SOURCE DATA:
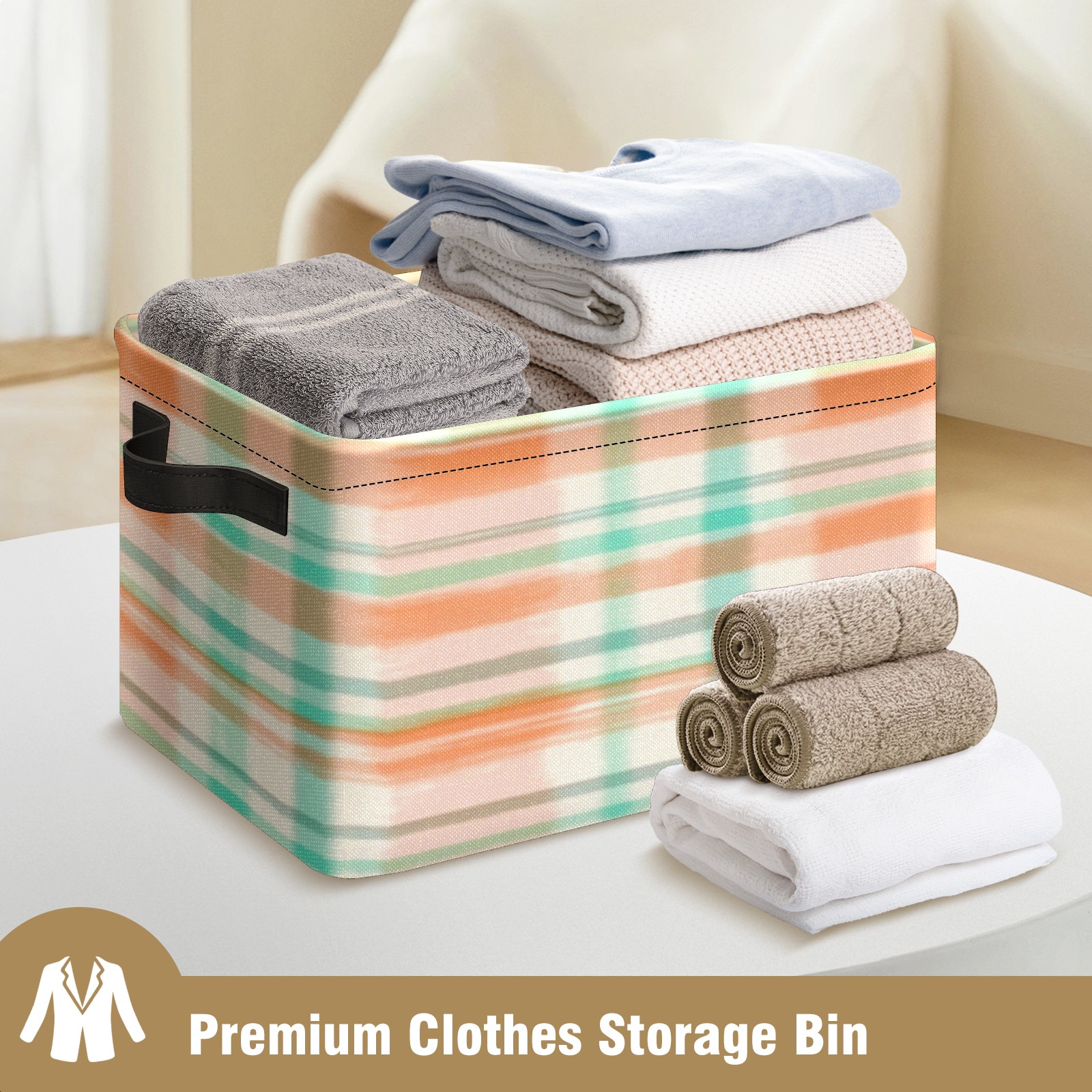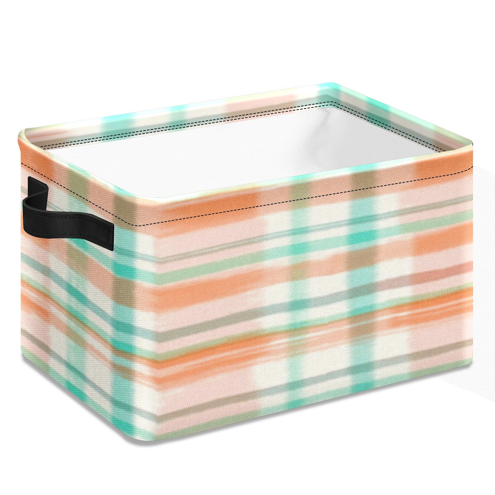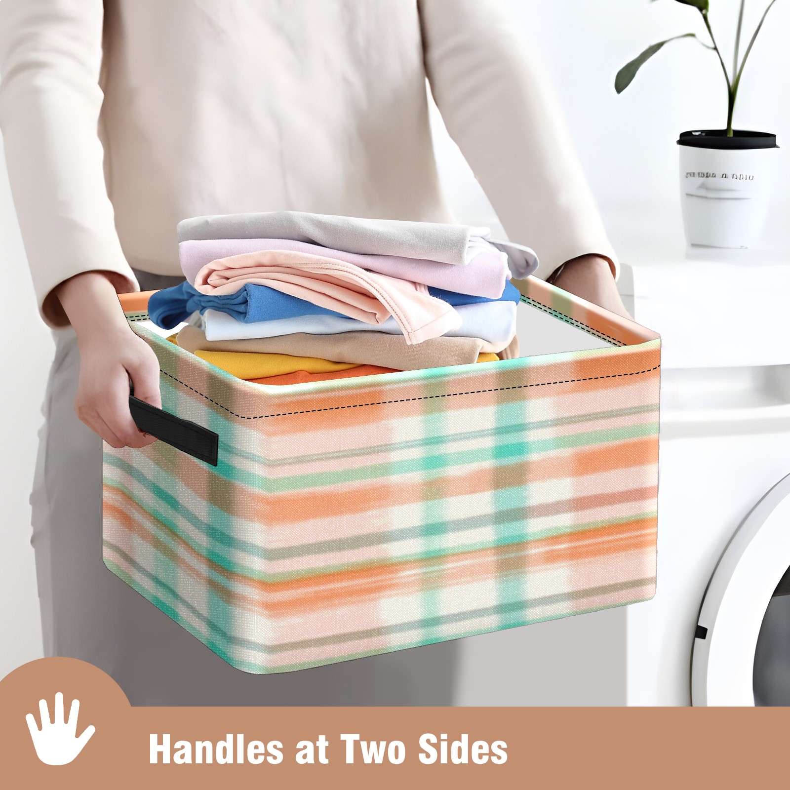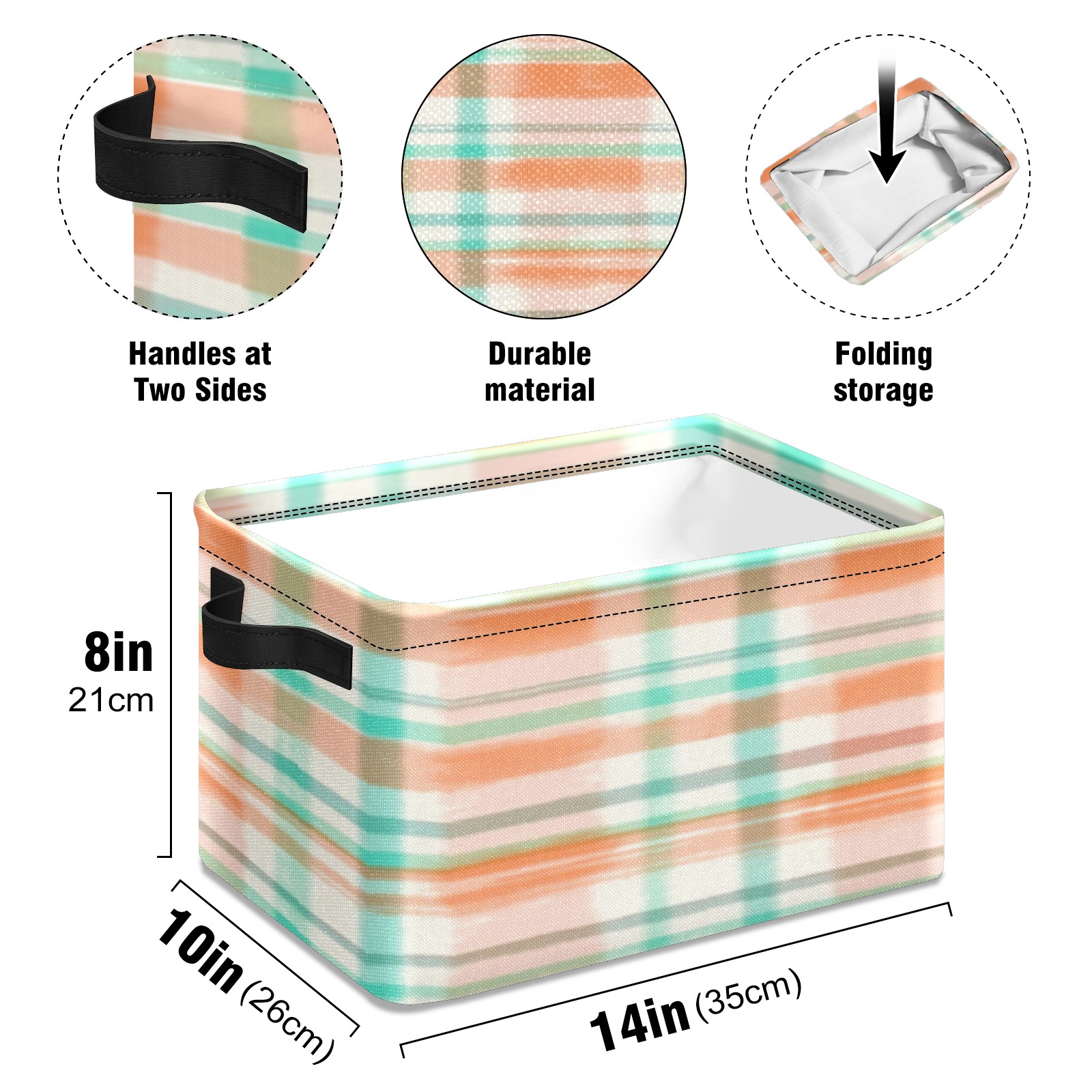 Foldable and Stackable Fabric Storage Basket for Home Organization with Handles, Decorative Closet Bins for Shelves, Laundry, and Toy Storage( Orange And Green Checkered)
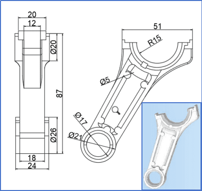 图1连杆体零件模型及尺寸
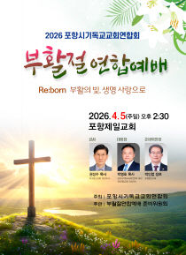 2026년 포항 부활절 연합예배가 5일 '부활의 빛, 생명 사랑으로'를 주제로 포항제일교회에서 열린다. 연합예배는 청년들이 앞장서서 섬기는 예배로 진행된다. 청년 100여 명으로 구성된 연합찬양팀이 찬양으로 시작하고 찬양으로 마무리한다. 안내도 청년들이 맡는다. 장내..
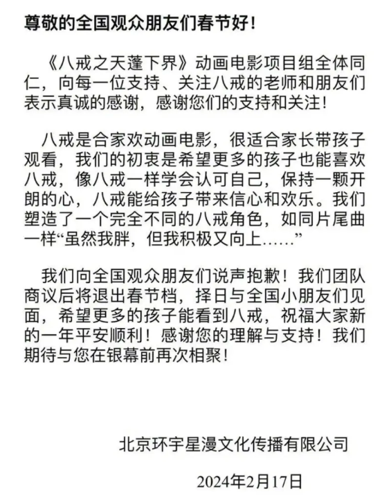 《八戒之天蓬下界》宣布退出春節檔。 今年春節國內賀歲片競爭實在激烈,九部電影同時上映,但票房除了前三部數據還好看外,另外幾部純屬陪跑。以前的春節檔,撲了就是撲了,現在的春節檔,撲了還可以撤檔! 看看這年年的春節檔,現在是怎麼變成的修羅場?2月14日晚,聯瑞影業官方宣布,春節檔在映電影《我們一起搖太陽》在檔期選擇上出現了重大失誤,該片將從2月16日開始退出春節檔,并延後至3月30日上映。
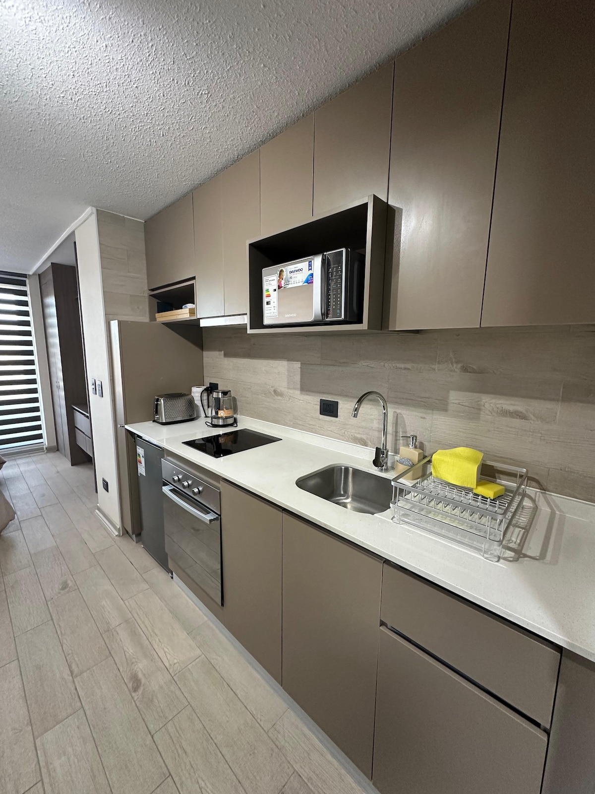 Disfruta de nuestro estudio en el corazón de Concepción, cerca de universidades, transporte, centros comerciales y restaurantes. Ideal para dos personas, el departamento incluye cama de dos plazas, cocina equipada, baño con tina, smart TV y mesa para trabajar/comer. El edificio ofrece gimnasio, sala de coworking, sala de entregas, lavandería, quinchos panorámicos y salón gourmet. ¡Conveniencia y confort en una ubicación central! No hay estacionamiento particular de la propiedad.
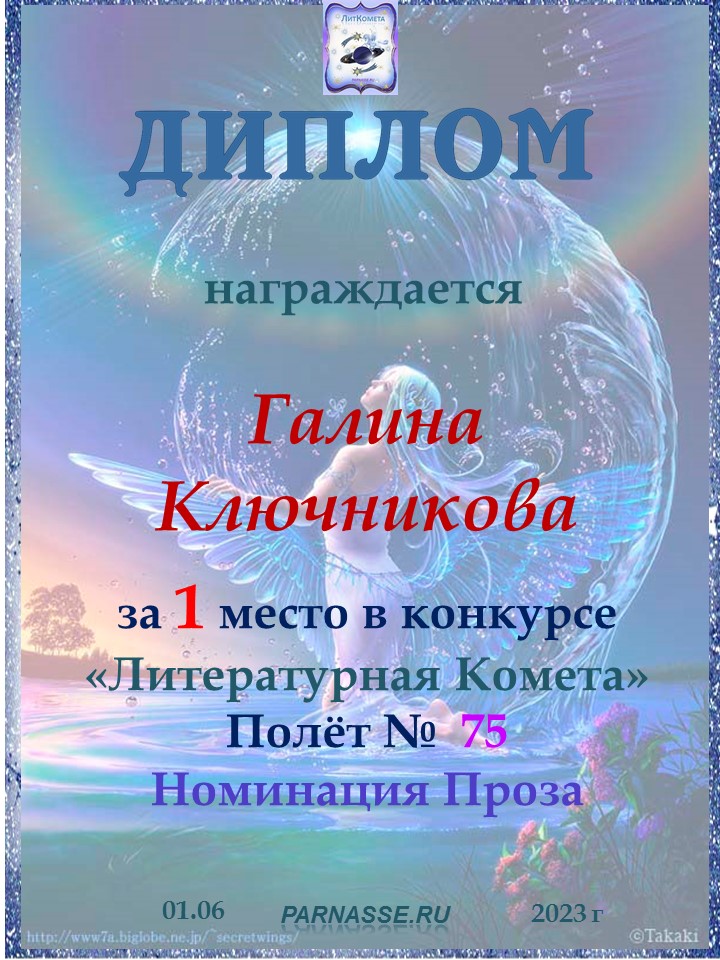 ![]() Медаль за 1 место в конкурсе "ЛитКомета - Полёт № 96"
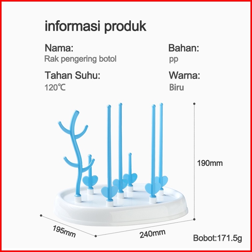 Hippo Land Rak Pengering Botol Susu Bayi Tempat Tirisan Dot Gelas Mug Cangkir Bottle Drying Rack Serbaguna Stand Penyimp
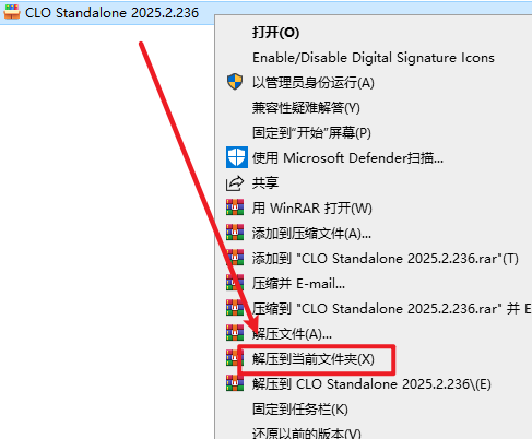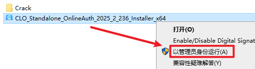 2.打开刚刚解压的文件夹,选中“CLO_Standalone_OnlineAuth_2025_1_126_Installer_x64”右键选择“以管理员身份运行”
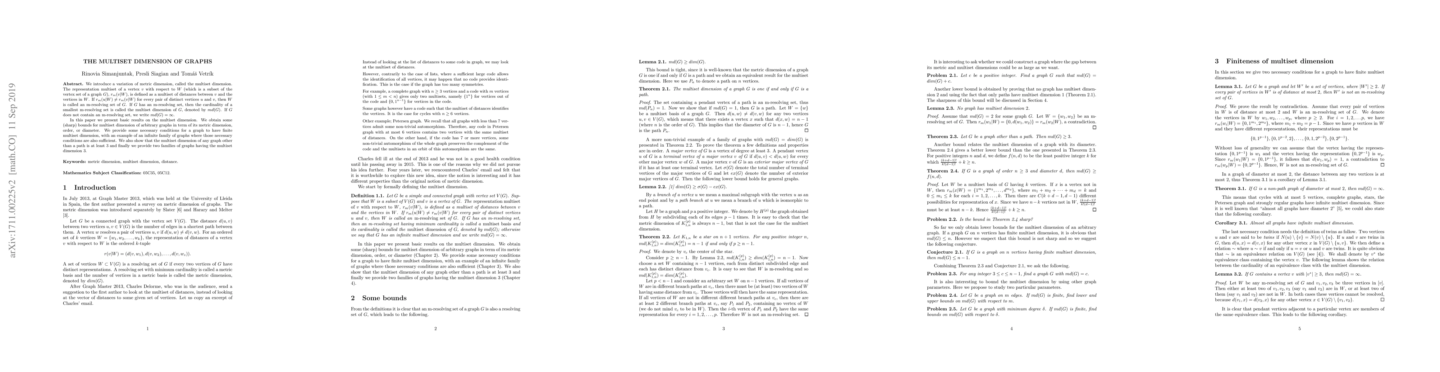 This paper introduces the concept of multiset dimension in graph theory, defining it as the smallest cardinality of an m-resolving set that uniquely identifies all vertices via multiset representations of distances. It presents bounds and necessary conditions for finite multiset dimension and demonstrates that non-path graphs have a multiset dimension of at least 3.
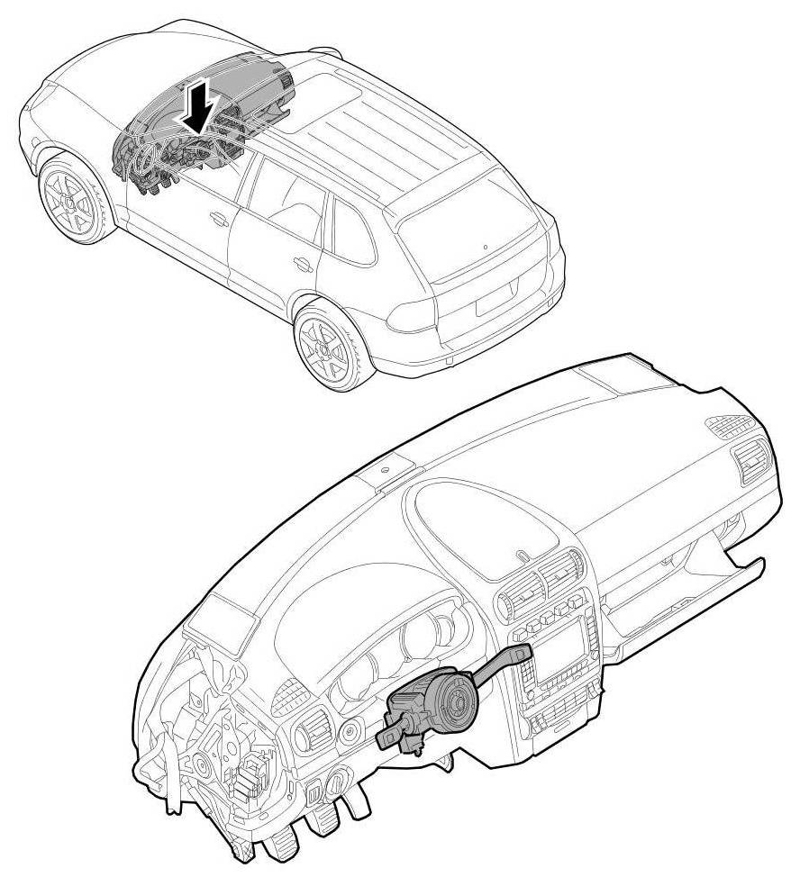 -> If the setting has inadvertently changed (locking element released, airbag contact unit out of adjustment), the airbag contact unit must be adjusted as follows. => 945019 Removing and installing steering column switch - section on "disassembling and assembling".
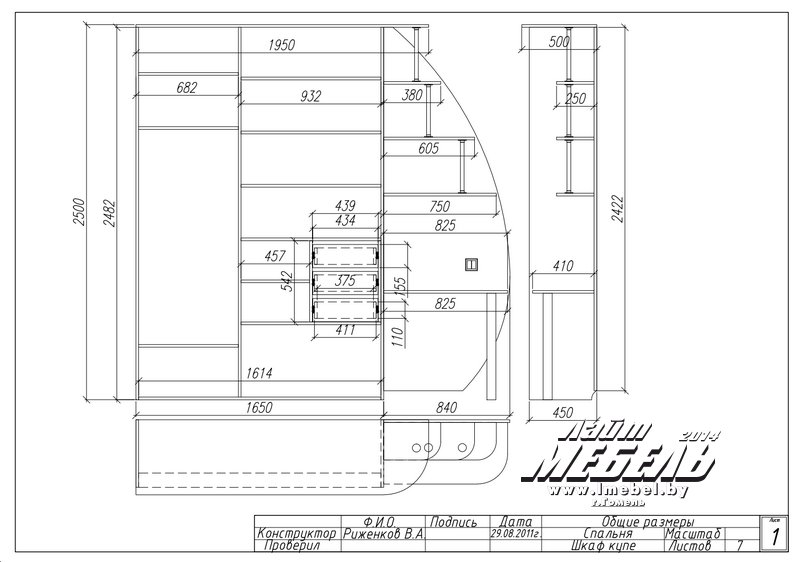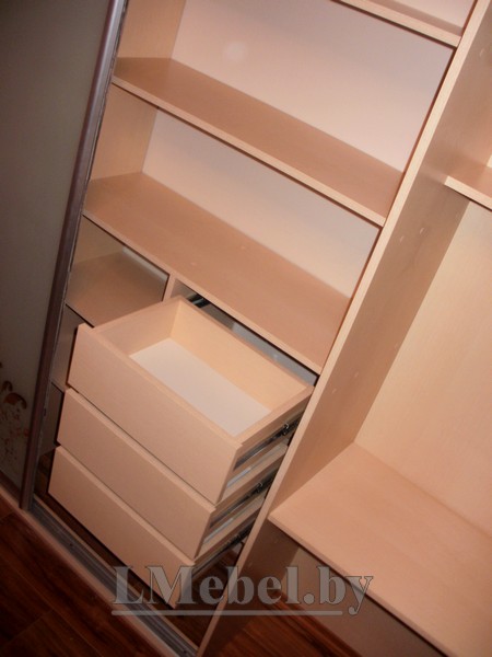 Шкаф-купе 2,5 м. Встроенного типа. Боковые полки 85 см. Глубина шкафа-купе 45 см. Описание изделия:

TASK ITEM:
Nothing but the pictures should be left out when the listing is repeated exactly.

SOLUTION BELOW:
 Foldable and Stackable Fabric Storage Basket for Home Organization with Handles, Decorative Closet Bins for Shelves, Laundry, and Toy Storage( Orange And Green Checkered)
 图1连杆体零件模型及尺寸
 2026년 포항 부활절 연합예배가 5일 '부활의 빛, 생명 사랑으로'를 주제로 포항제일교회에서 열린다. 연합예배는 청년들이 앞장서서 섬기는 예배로 진행된다. 청년 100여 명으로 구성된 연합찬양팀이 찬양으로 시작하고 찬양으로 마무리한다. 안내도 청년들이 맡는다. 장내..
 《八戒之天蓬下界》宣布退出春節檔。 今年春節國內賀歲片競爭實在激烈,九部電影同時上映,但票房除了前三部數據還好看外,另外幾部純屬陪跑。以前的春節檔,撲了就是撲了,現在的春節檔,撲了還可以撤檔! 看看這年年的春節檔,現在是怎麼變成的修羅場?2月14日晚,聯瑞影業官方宣布,春節檔在映電影《我們一起搖太陽》在檔期選擇上出現了重大失誤,該片將從2月16日開始退出春節檔,并延後至3月30日上映。
 Disfruta de nuestro estudio en el corazón de Concepción, cerca de universidades, transporte, centros comerciales y restaurantes. Ideal para dos personas, el departamento incluye cama de dos plazas, cocina equipada, baño con tina, smart TV y mesa para trabajar/comer. El edificio ofrece gimnasio, sala de coworking, sala de entregas, lavandería, quinchos panorámicos y salón gourmet. ¡Conveniencia y confort en una ubicación central! No hay estacionamiento particular de la propiedad.
 ![]() Медаль за 1 место в конкурсе "ЛитКомета - Полёт № 96"
 Hippo Land Rak Pengering Botol Susu Bayi Tempat Tirisan Dot Gelas Mug Cangkir Bottle Drying Rack Serbaguna Stand Penyimp
 2.打开刚刚解压的文件夹,选中“CLO_Standalone_OnlineAuth_2025_1_126_Installer_x64”右键选择“以管理员身份运行”
 This paper introduces the concept of multiset dimension in graph theory, defining it as the smallest cardinality of an m-resolving set that uniquely identifies all vertices via multiset representations of distances. It presents bounds and necessary conditions for finite multiset dimension and demonstrates that non-path graphs have a multiset dimension of at least 3.
 -> If the setting has inadvertently changed (locking element released, airbag contact unit out of adjustment), the airbag contact unit must be adjusted as follows. => 945019 Removing and installing steering column switch - section on "disassembling and assembling".
 Шкаф-купе 2,5 м. Встроенного типа. Боковые полки 85 см. Глубина шкафа-купе 45 см. Описание изделия:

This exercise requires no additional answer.